[Data extract]:
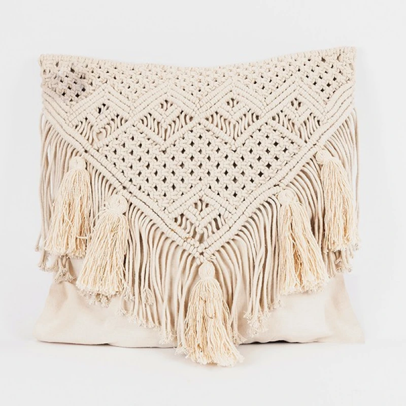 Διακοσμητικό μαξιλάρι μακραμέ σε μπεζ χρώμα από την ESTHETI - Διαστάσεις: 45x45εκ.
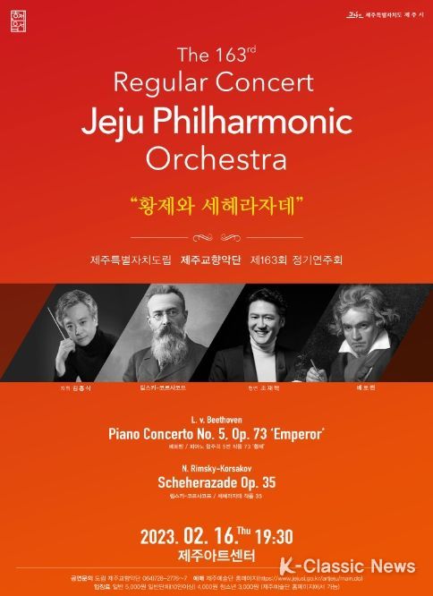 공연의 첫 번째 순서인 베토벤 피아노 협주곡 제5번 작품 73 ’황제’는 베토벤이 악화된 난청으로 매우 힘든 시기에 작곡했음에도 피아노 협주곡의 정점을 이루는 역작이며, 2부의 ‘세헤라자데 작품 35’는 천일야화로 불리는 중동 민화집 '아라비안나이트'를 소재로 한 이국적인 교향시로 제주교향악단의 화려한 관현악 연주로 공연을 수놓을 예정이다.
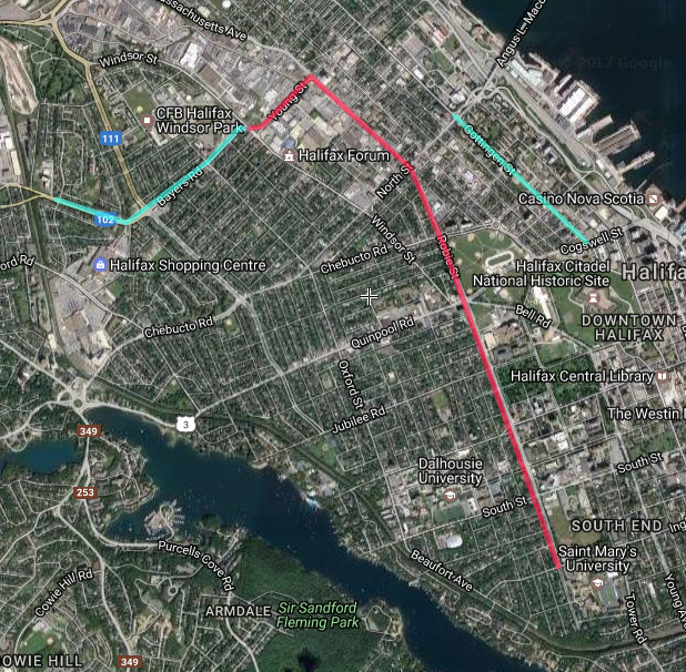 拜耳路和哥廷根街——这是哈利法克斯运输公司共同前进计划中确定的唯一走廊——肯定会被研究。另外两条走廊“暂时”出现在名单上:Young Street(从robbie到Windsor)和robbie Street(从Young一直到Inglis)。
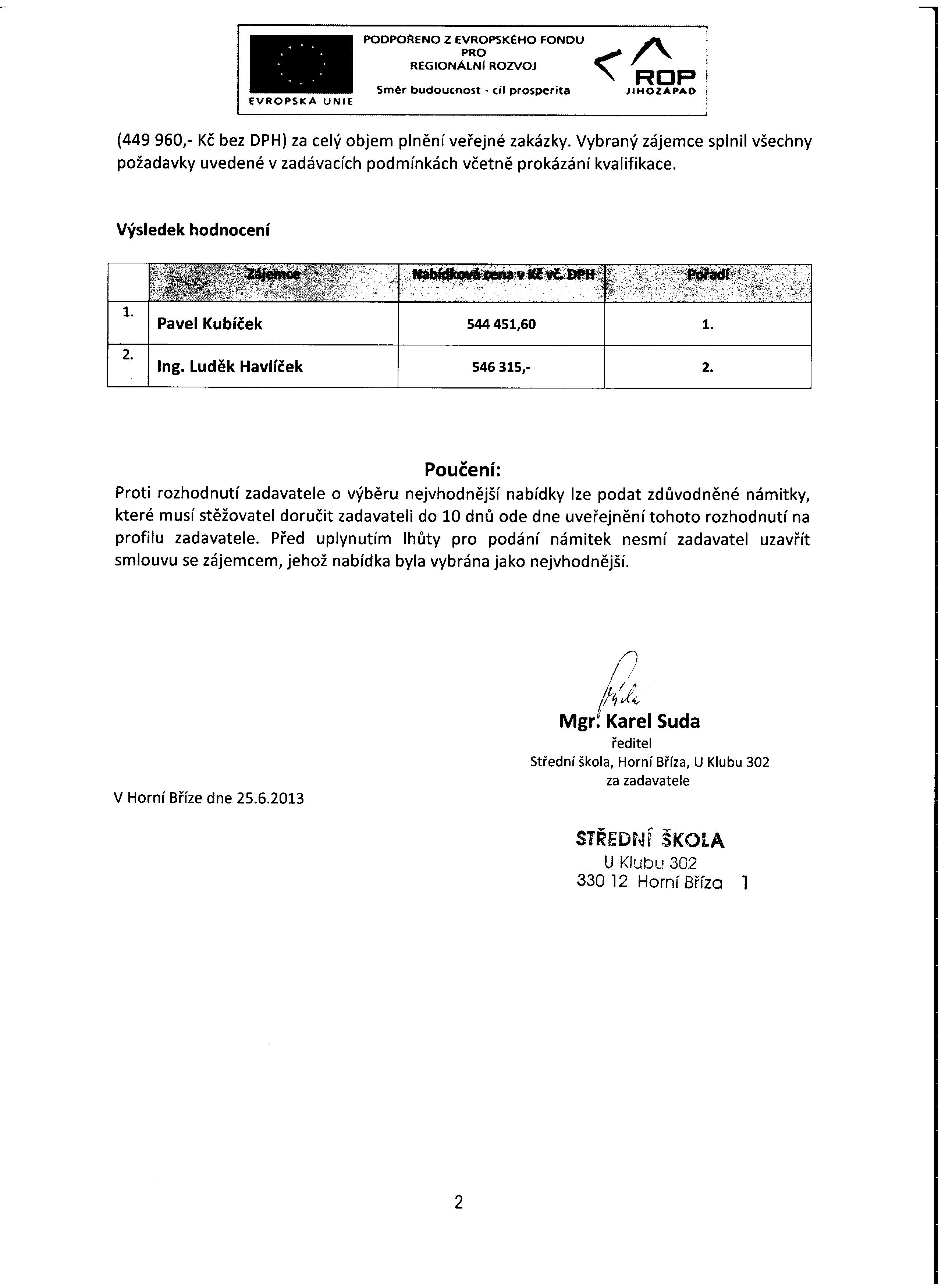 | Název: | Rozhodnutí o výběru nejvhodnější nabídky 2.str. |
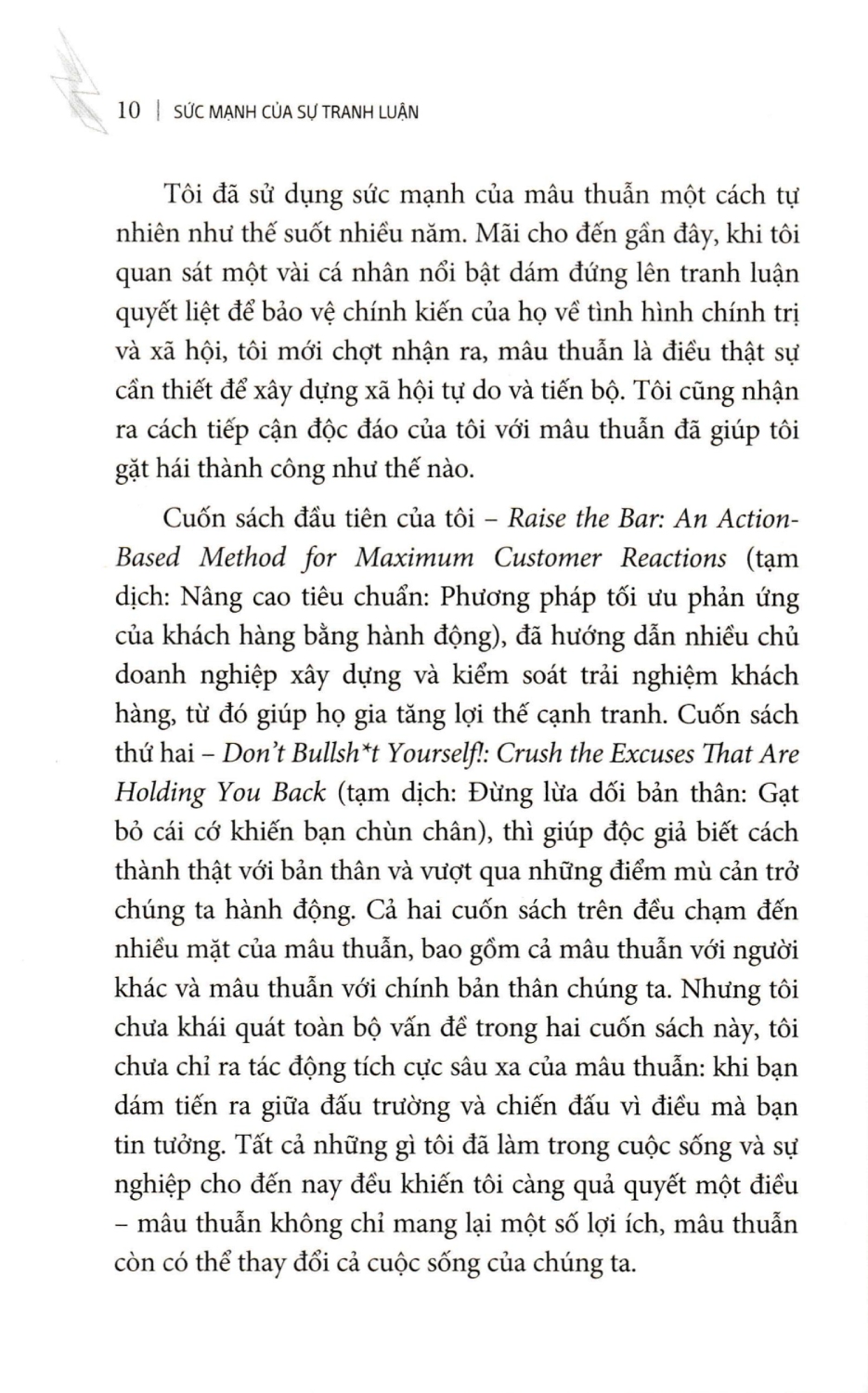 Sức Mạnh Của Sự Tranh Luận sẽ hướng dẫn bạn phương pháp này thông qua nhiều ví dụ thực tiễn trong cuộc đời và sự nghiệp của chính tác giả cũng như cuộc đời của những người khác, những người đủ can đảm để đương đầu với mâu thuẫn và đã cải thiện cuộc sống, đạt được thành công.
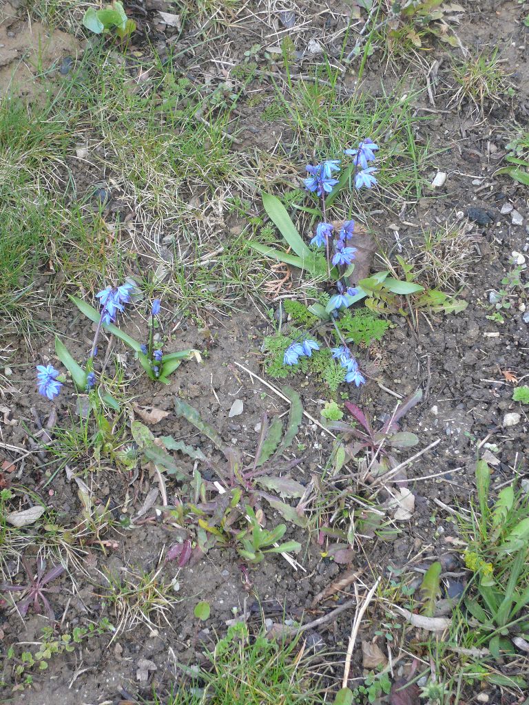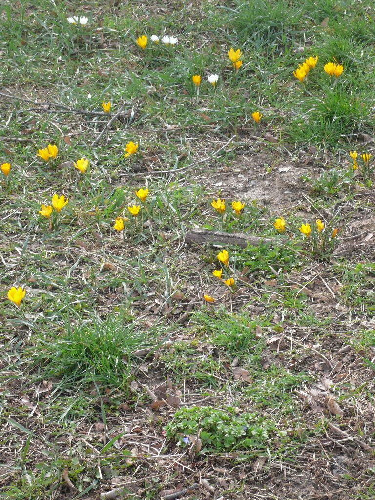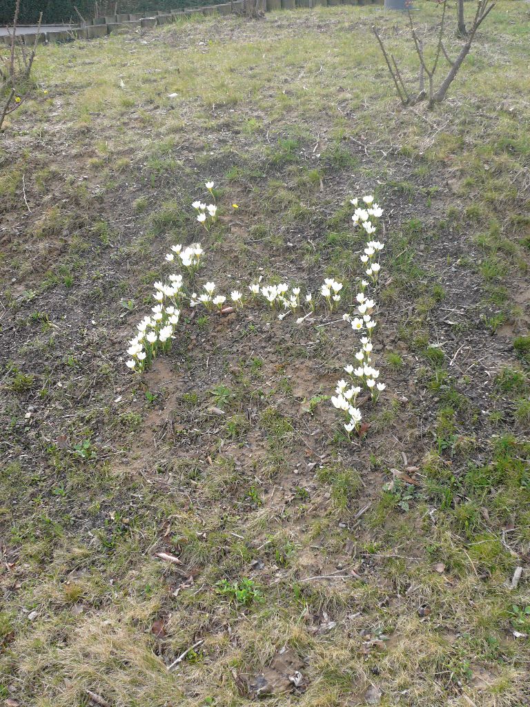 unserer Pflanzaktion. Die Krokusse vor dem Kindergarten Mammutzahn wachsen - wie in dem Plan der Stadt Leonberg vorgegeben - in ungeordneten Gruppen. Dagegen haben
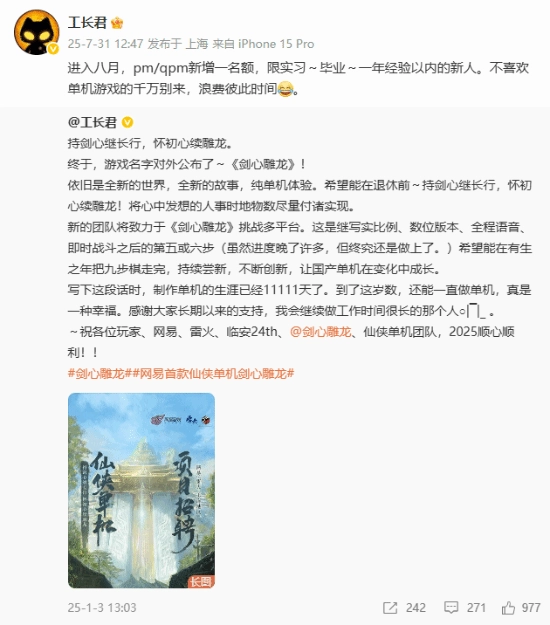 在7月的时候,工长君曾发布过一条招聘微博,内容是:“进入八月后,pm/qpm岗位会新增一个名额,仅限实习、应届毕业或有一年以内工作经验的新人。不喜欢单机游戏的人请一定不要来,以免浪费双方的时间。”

[Exercise requirements]: Transcribe, from the records above, the first line and every line after it up to and including the line with "공연의 첫 번째 순서인"; omit pictures.

[Finished exercise]:
 Διακοσμητικό μαξιλάρι μακραμέ σε μπεζ χρώμα από την ESTHETI - Διαστάσεις: 45x45εκ.
 공연의 첫 번째 순서인 베토벤 피아노 협주곡 제5번 작품 73 ’황제’는 베토벤이 악화된 난청으로 매우 힘든 시기에 작곡했음에도 피아노 협주곡의 정점을 이루는 역작이며, 2부의 ‘세헤라자데 작품 35’는 천일야화로 불리는 중동 민화집 '아라비안나이트'를 소재로 한 이국적인 교향시로 제주교향악단의 화려한 관현악 연주로 공연을 수놓을 예정이다.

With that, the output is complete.